Problem to work on
The exercise calls for exact output of the lines between the one that contains "Набір бармена Boston" and the end of the data, with both ends kept and pictures left out.

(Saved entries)

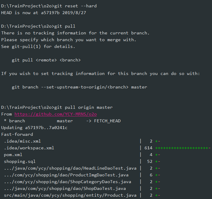 根据提示,可以commit再meger。这里我选择直接使用 git pull ,之前我是使用的 git fetch 是将远程主机的最新内容拉到本地检查了以后决定是否合并到工作本机分支中。使用git pull 可以同时操作了我之前的两个步骤 git fetch+git meger ,则是将远程主机的最新内容拉下来后直接合并。在这之前将 git 重置一下 , git reset --hard。
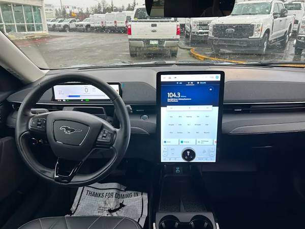 Experience the thrill of electric driving with this pre-owned 2024 Ford Mustang Mach-E Select AWD in stunning Vapor Blue Metallic exterior paired with a sleek Black interior. Powered by a .72 kWh usable LFP battery and a smooth single-speed transmission, this Mustang Mach-E delivers instant torque, all- wheel drive confidence, and advanced tech like SYNC 4 with voice recognition, heated front seats and steering wheel, and a premium 10.2" digital instrument cluster. Stay connected and comfortable with navigation, wireless charging, and dual-zone climate control. Safety is top priority with features like lane departure prevention, blind spot warning, and forward collision mitigation. Stylish 19" machined-face aluminum wheels complete the look. Drive electric. Drive exciting.
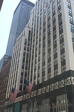 In early 1931, New York Trust temporarily moved out of its existing offices to allow the completion of the skyscraper.[41][42] The New York Trust bank branch at 22 East 40th Street opened in July 1931.[42][67] The renting agents, Cross & Brown, ran advertisements proclaiming that the building was being developed in "Uptown Wall Street" and promising "superior floor arrangements".[11] Among the earliest office tenants were the Aeronautical Chamber of Commerce,[68] the American Bankers Association,[69] the American Safety Razor Company,[70] the Radio Manufacturers Association,[71] accounting firm Haskins & Sells,[72] paper distributor Gottesman & Co.,[73] and Swedish royal family relative Folke Bernadotte.[74] Franzheim's office and engineering companies Fish & Loenenger and Krey & Hunt took the top three floors.[23][24] The early tenants also included law firms, a publicist, a real estate broker, and publishers,[4] as well as attorneys[75][76] and a firm of sales management engineers.[77]
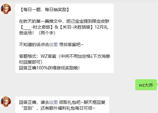 今日问题:在昨天的第一篇推文中,妲己宝宝提到限定皮肤【____-时之奇旅】&【关羽-决胜骁骑】12月礼册返场!(两个字)
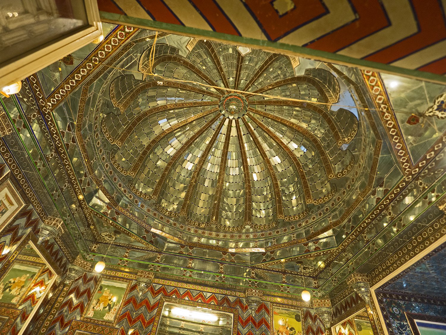Il est construit en granit et en marbre et très richement décoré de marbre, de miroirs, d'argent et de peintures murales.
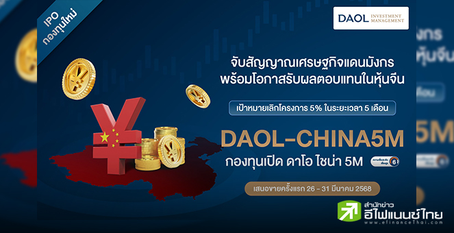 • บลจ.ดาโอ เปิดขาย “กองทุนเปิด ดาโอ ไชน่า 5M” เป้าหมายเลิกโครงการ 5% ในระยะเวลา 5 เดือน
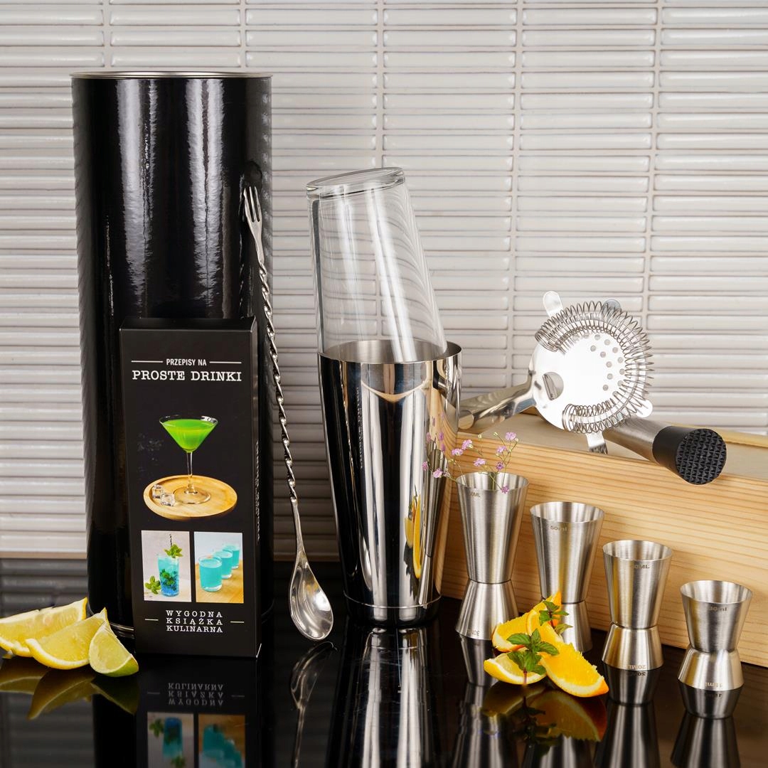 Набір бармена Boston із шейкером Boston — це набір із 9 аксесуарів для бармена, необхідних для приготування напоїв вдома. Цеідеальний набір для початківців. Він упакований в елегантний чорний тюбик.
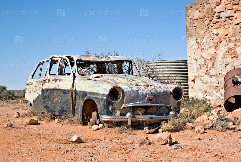 Старый автомобиль ржавеет далеко в пустыне в австралийской глубинке
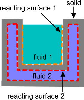 This feature is compatible with solid shell regions, fluid films, and porous phases. However, you can only define reactions at interfaces between solid and fluid physics continua, you cannot define the reacting surface interface between two solids. See Modeling Electrochemical Surface Reactions.
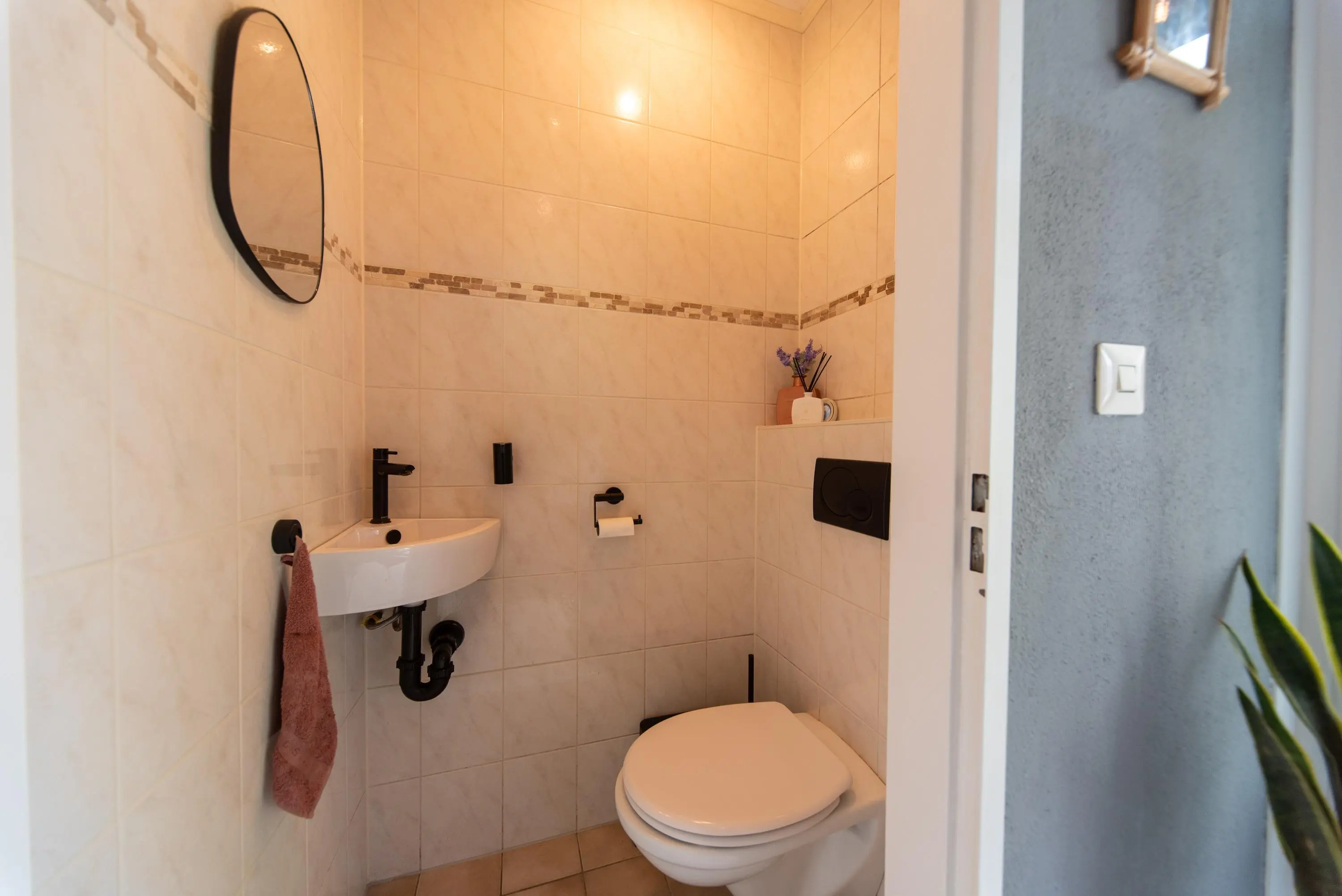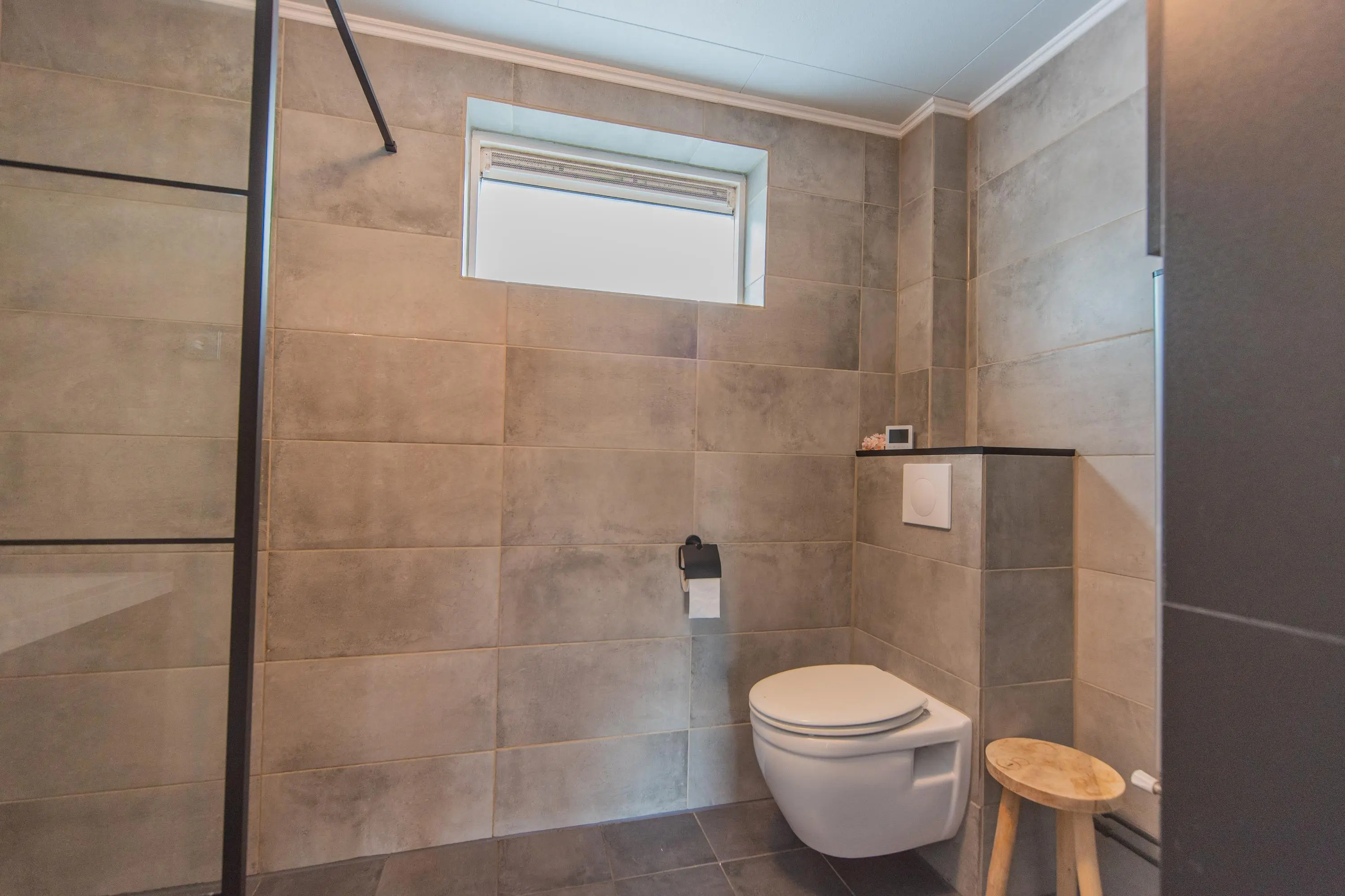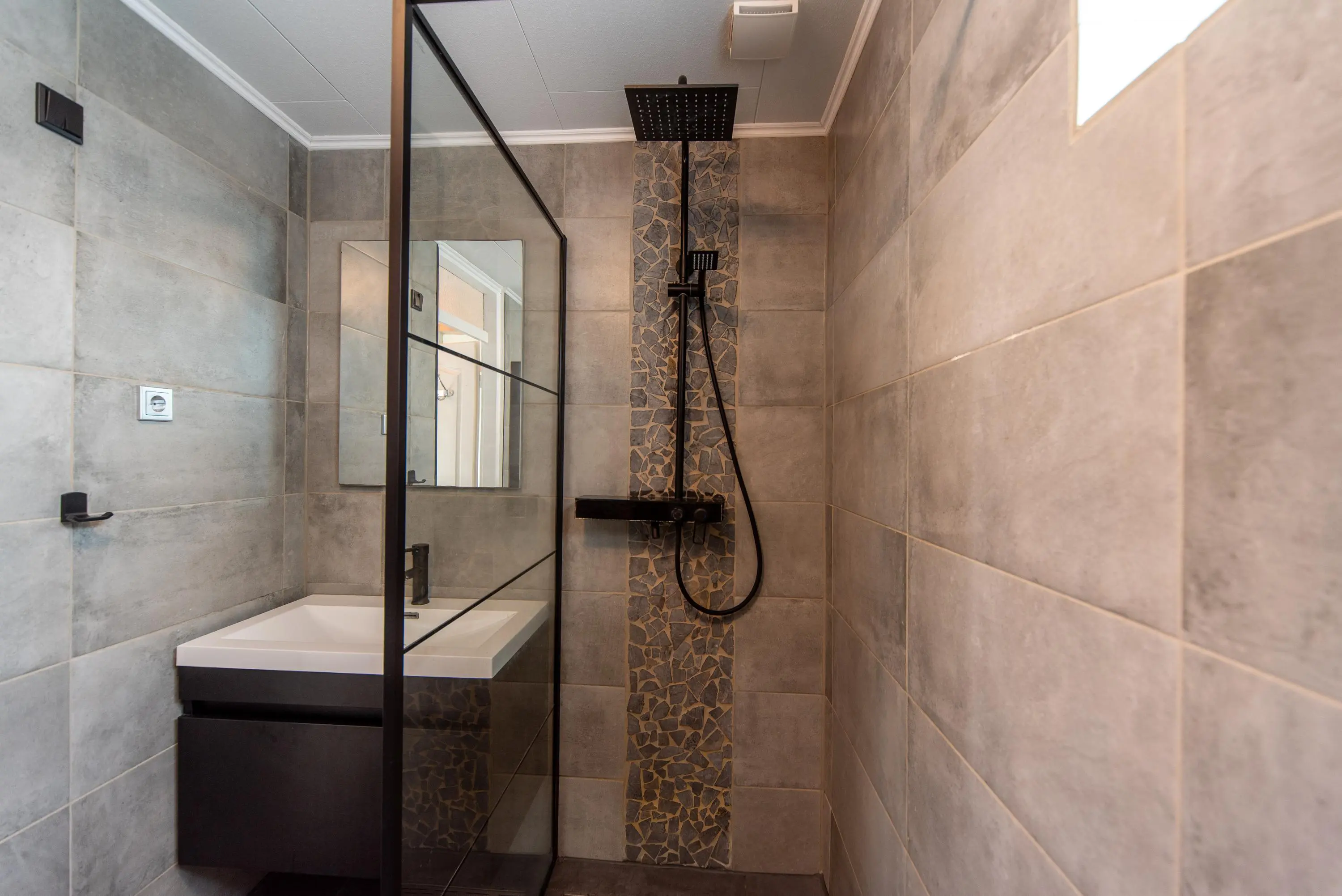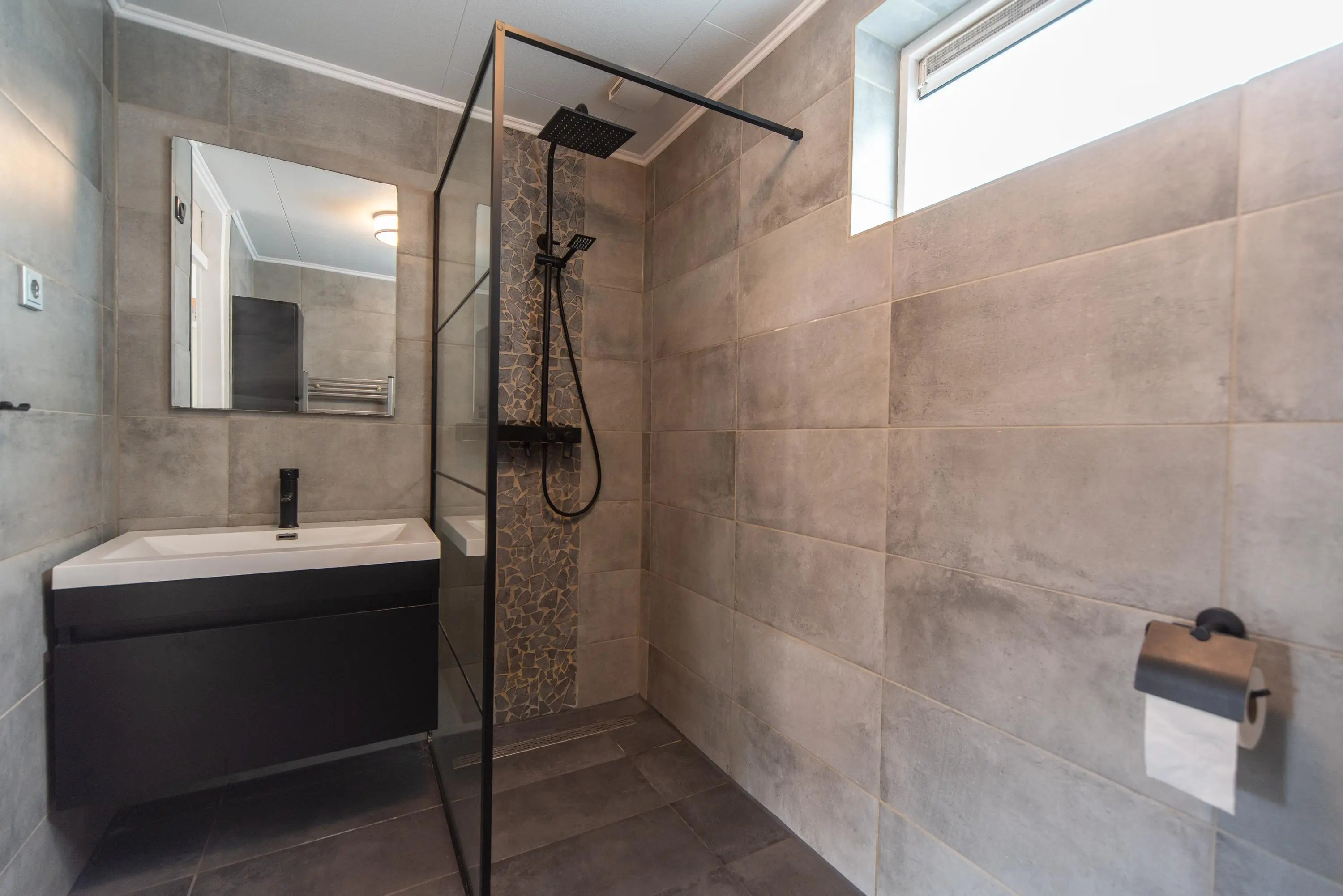 De badkamer is voorzien van een vrijhangend wandcloset, inloopdouche met regen- en losse handdouche en een modern badkamermeubel met spiegel. Door de gekozen kleur van de wandtegels i.c.m. sierstenen als wandbekleding in de douche waant u zich bijna in een luxe spa of wellness.

Finished exercise
 Набір бармена Boston із шейкером Boston — це набір із 9 аксесуарів для бармена, необхідних для приготування напоїв вдома. Цеідеальний набір для початківців. Він упакований в елегантний чорний тюбик.
 Старый автомобиль ржавеет далеко в пустыне в австралийской глубинке
 This feature is compatible with solid shell regions, fluid films, and porous phases. However, you can only define reactions at interfaces between solid and fluid physics continua, you cannot define the reacting surface interface between two solids. See Modeling Electrochemical Surface Reactions.
 De badkamer is voorzien van een vrijhangend wandcloset, inloopdouche met regen- en losse handdouche en een modern badkamermeubel met spiegel. Door de gekozen kleur van de wandtegels i.c.m. sierstenen als wandbekleding in de douche waant u zich bijna in een luxe spa of wellness.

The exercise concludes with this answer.